金額と味は、必ずしも比例しないので、好みに合ったお米を選ぶことをオススメします。

美味しいお米の炊き方をマスターしておこう

毎日食べるお米は、等級マークも気になるところですが、体に安全なものを選んで食べたいものです。

最後に、美味しいご飯を食べるためにも、おいしいお米の炊き方を再確認しておきましょう。

①洗米する

お米は、最初に水に触れたときが一番多くの水を吸収します。
洗米のポイントは、素早く水を交換することです。

力をいれずに、4~5回やさしく研ぎます。

これを2~3回繰り返します。
米の研ぎすぎは、甘みのもとのデンプンを失ってしまうので気をつけましょう。

②しっかりと吸水させる

吸水させる時間が短いと、お米に芯が残って、パサついた炊き上がりになってしまいます。

お米を炊く前によく浸水させることで、酵素の働きででんぷんが分解されて、均一に糊化することができます
給水時間の目安は水温によって違いますが、夏場は30分・冬場は2時間くらいが良いでしょう。

③炊飯時の水加減が大事

新米や精米したばかりのお米は、水分を吸収しやすく糊化しやすいので、水を少なめにしましょう。

反対に、古いお米は水を少し多めにします。

無洗米の場合は、洗う工程が少ないだけ、吸収された水分量が少ないので、水を少し多めにしましょう。

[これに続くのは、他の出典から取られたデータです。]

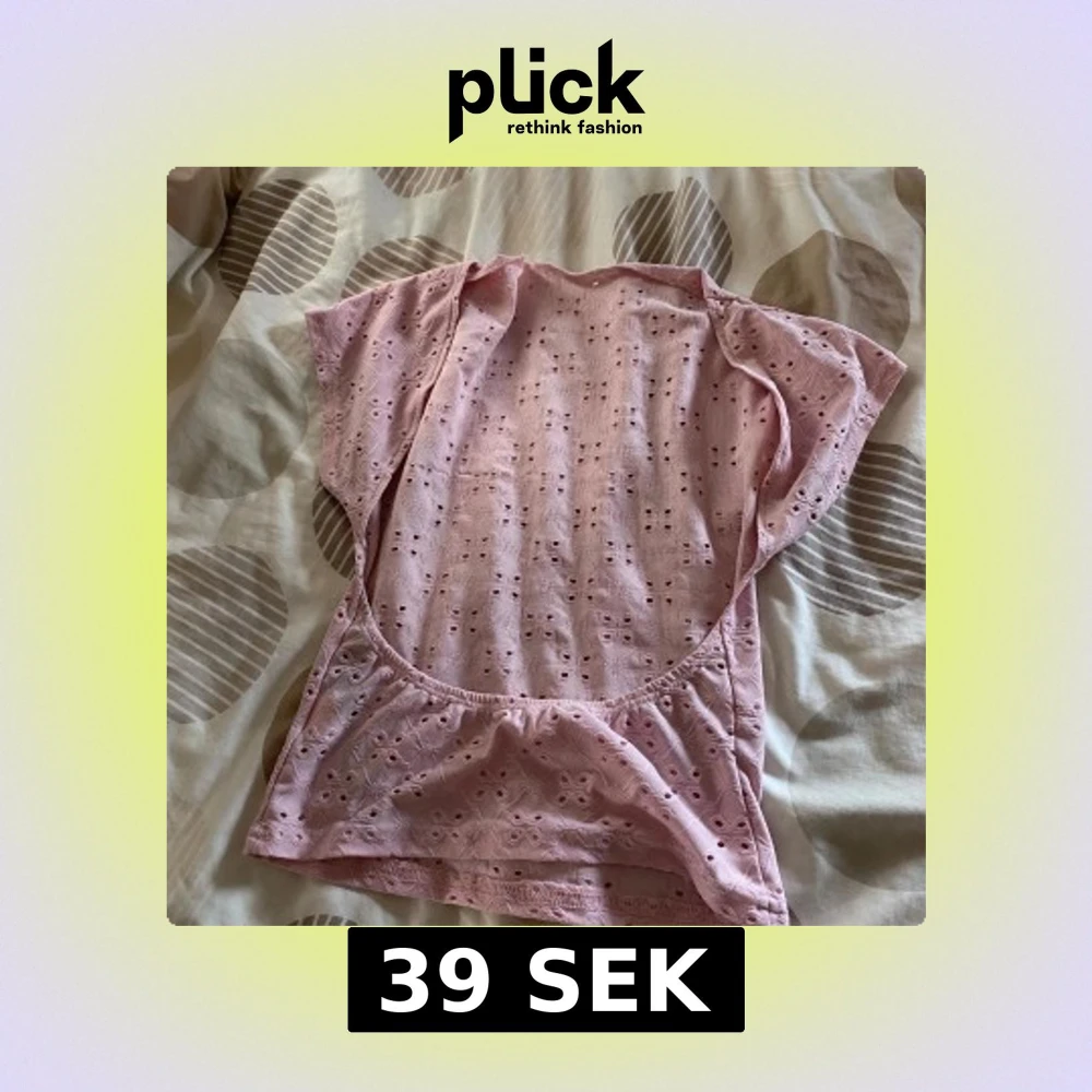 Säljer en ljusrosa blus med korta ärmar och broderat hålmönster över hela toppen. Modellen är loose fit och har en söt, feminin vibe med små broderade detaljer. Perfekt för dig som gillar romantiska och luftiga plagg.

炊き上がったら、必ず15分から20分間は蒸らして水分をとりましょう。
蒸らしすぎると、ご飯の甘みがなくなってしまったり、ご飯が硬くなるので気をつけてください。

お米は、生活スタイルや好みによって選ぶ基準が色々

お米選びは難しいものです。

一概に、等級や値段が高ければ高いほど美味しいというわけではないからです。

等級や値段は、あくまでも目安として、いかにお米が安全に考慮して作られているのかをみて選び、美味しい炊き方がいつでもできるようになるといいですね。